# Stick Burners



## Hoppy1 (Nov 9, 2013)

?How Many Stick Burners Do We Have Here>


----------



## bbquzz (Nov 9, 2013)

I'm out


----------



## Hoppy1 (Nov 9, 2013)

I doubt that....... Many a fine eats have come off of your rig my friend


----------



## dummy que (Nov 9, 2013)

*stick burners*

love my lang once you get fire mang. it`s a peace of baklava


----------



## Hoppy1 (Nov 10, 2013)

You got that right DQ! Those Lang's Are Sweet!


----------



## Animal (Nov 11, 2013)

Another Lang owner here


----------



## bigwheel (Nov 11, 2013)

I got one which knows that trick..as well as upright direct..but dont use it for that purpose much anymore. It is now mostly a giant electrified jerky maker.


----------



## dledmo (Nov 11, 2013)

Does a fire pit for s'mores count?


----------



## Bosko (Nov 12, 2013)

I have a thick stick........just sayin...........


----------



## Max1 (Nov 13, 2013)

Two here!


----------



## Bob In Fla. (Nov 13, 2013)

I got a Smoker that'll burn sticks or charcoal, or both.  Whatever I like.  I like to get the fire started with charcoal and let the logs feed into the fire.  I can also use chunks.  Best of most worlds.  It'll only hold about a 100# Hog, so capacity is the only drawback I have found.


----------



## Hoppy1 (Nov 13, 2013)

Sounds lie you have as nice set up there


----------



## Bob In Fla. (Nov 13, 2013)

Hoppy said:


> Sounds lie you have as nice set up there


 Thanks. I like it.  
I have been remiss on posting pictures, but as soon as I get it back, I'll do my best to take pictures of my 85ish pound Hog I'll be cooking for Thanksgiving.  The Smoker is up in Stump City, Ga. being mounted on a trailer.


----------



## Hoppy1 (Nov 13, 2013)

I can't wait to see your pics!


----------



## boozer (Nov 14, 2013)

Chargriller Pro OS, here, For now. just ordered a Lang 60", and waiting impatiently...


----------



## Hoppy1 (Nov 14, 2013)

Man O Man You Are Gonna Love That Thing!:supz::supz:


----------



## boozer (Nov 14, 2013)

I'm beyond excited. Tears of joy, when it shows up. I will have to cut some onions, for an excuse.


----------



## bigwheel (Nov 15, 2013)

Have you stocked up on fancy chainsaws..and log splitters? Got Mama on board to have vast hordes of rotten wood stacked out in the backyard etc? You are going to love that thing. I can tell.


----------



## Hoppy1 (Nov 15, 2013)

Momma is just excited as I am about it and she loves the outdoors and cutting wood!


----------



## boozer (Nov 15, 2013)

bigwheel said:


> Have you stocked up on fancy chainsaws..and log splitters? Got Mama on board to have vast hordes of rotten wood stacked out in the backyard etc? You are going to love that thing. I can tell.

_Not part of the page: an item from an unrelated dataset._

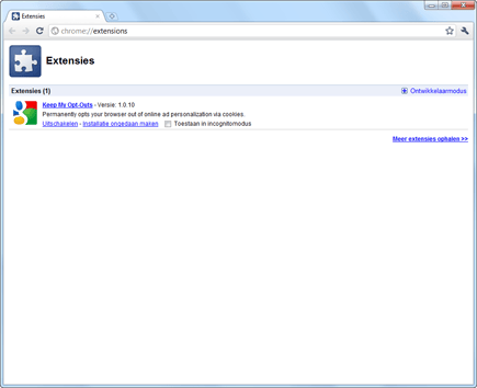 Het enige dat u hiervoor hoeft te doen is in Chrome te surfen naar de extensiepagina en tweemaal achter elkaar te klikken op Installeren. De extensie is nu geïnstalleerd. Dit zorgt er weliswaar niet voor dat u helemaal geen advertenties meer ziet, maar rekent wel af met gepersonaliseerde advertenties. Overigens updatet Google de extensie in fases. Het bedrijf is begonnen met het ‘blokkeren’ van Amerikaanse gepersonaliseerde advertenties, nu is Europa aan de beurt en daarna de rest van de wereld. De extensie zal dus in toenemende mate effectief blijken. Wilt u om wat voor reden dan ook de extensie weer uitschakelen, dan klikt u op Google Chrome aanpassen en beheren (pictogram van gereedschap rechtsboven) en vervolgens op Extra / Extensies. U kunt dan klikken op Uitschakelen of Installatie ongedaan maken.
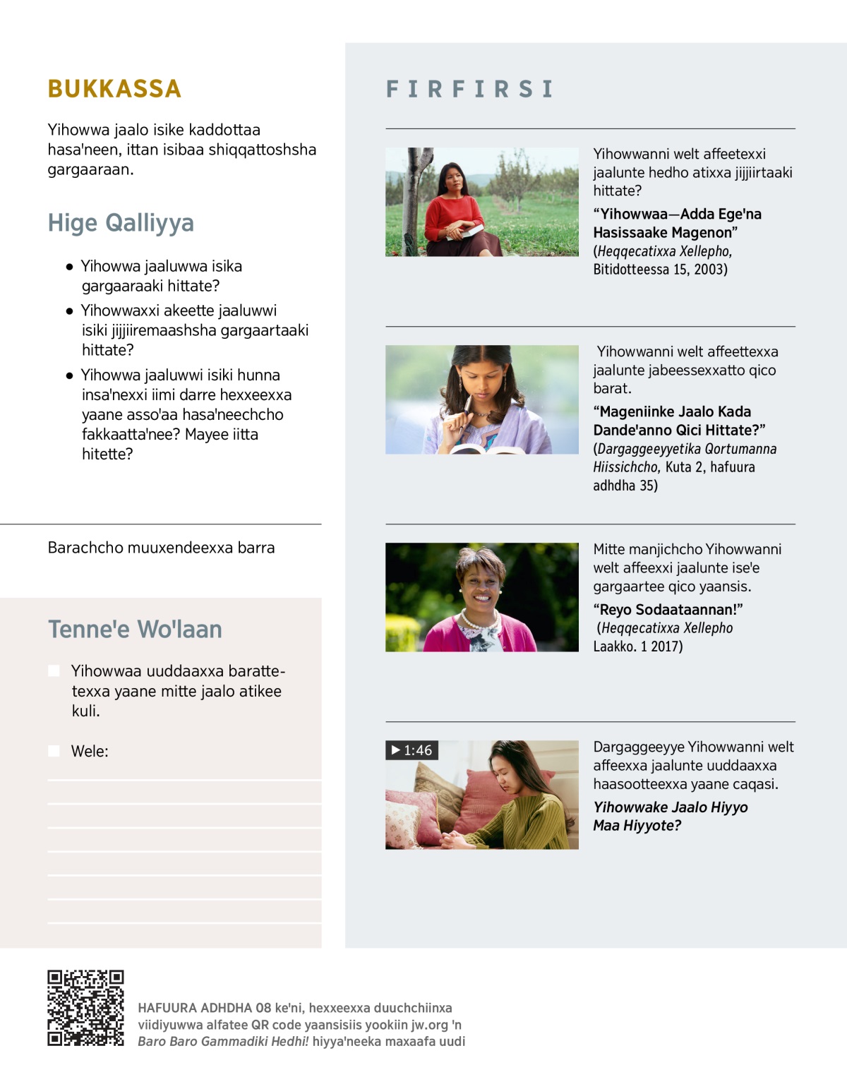 Yihowwa isoo adda egendottaa hasaꞌneen. Mayee? Buutotinna isixxa ayyunte, ora isika, ittan noꞌaa afeeka yaada egendettexxe qixxeꞌni, isike jaalo kadatee affeettexxi halcha lebbaꞌni metaaxxa egeꞌnemmaxxeeten. Dhugaandinni Yihowwake jaalo kada dandeettatto? (Faaro 25:14 yaansis.) Jaalo isike kadatee maa assa hasissa? Maxaafi Qullichchi konne qortumuwwiꞌaa hiissichcho uwwaan, ittan Yihowwan jaalo kada ayyinninna jaaloommatenaaꞌn caaldaaki hittate kaddeexxa ifisaan.

 There's a tree service place 2 blocks from my house that supplies a few of the BBQ joints in the neighborhood. All the mulberry, oak, or maple wood I can burn, 50 bucks for a heaping truckload!


----------



## bigwheel (Nov 16, 2013)

What a deal. If it was free and they delivered and stacked..I would take some..lol.


----------



## boozer (Nov 16, 2013)

You can have the oak, Texas!


----------



## bigwheel (Nov 18, 2013)

Love Oak..will sure take that.  Noticed last we went for a visit some of the comp folks are really bragging on these pits. They are using the insulated offsets and cooking an entire cookoff on 10 lbs of Kingsford and two sticks of wood. 
R & O Smokers | BBQ Pits - Granbury, TX


----------



## Hoppy1 (Nov 18, 2013)

Nice looking set ups!


----------



## Max1 (Nov 19, 2013)

Damn send some to me!


----------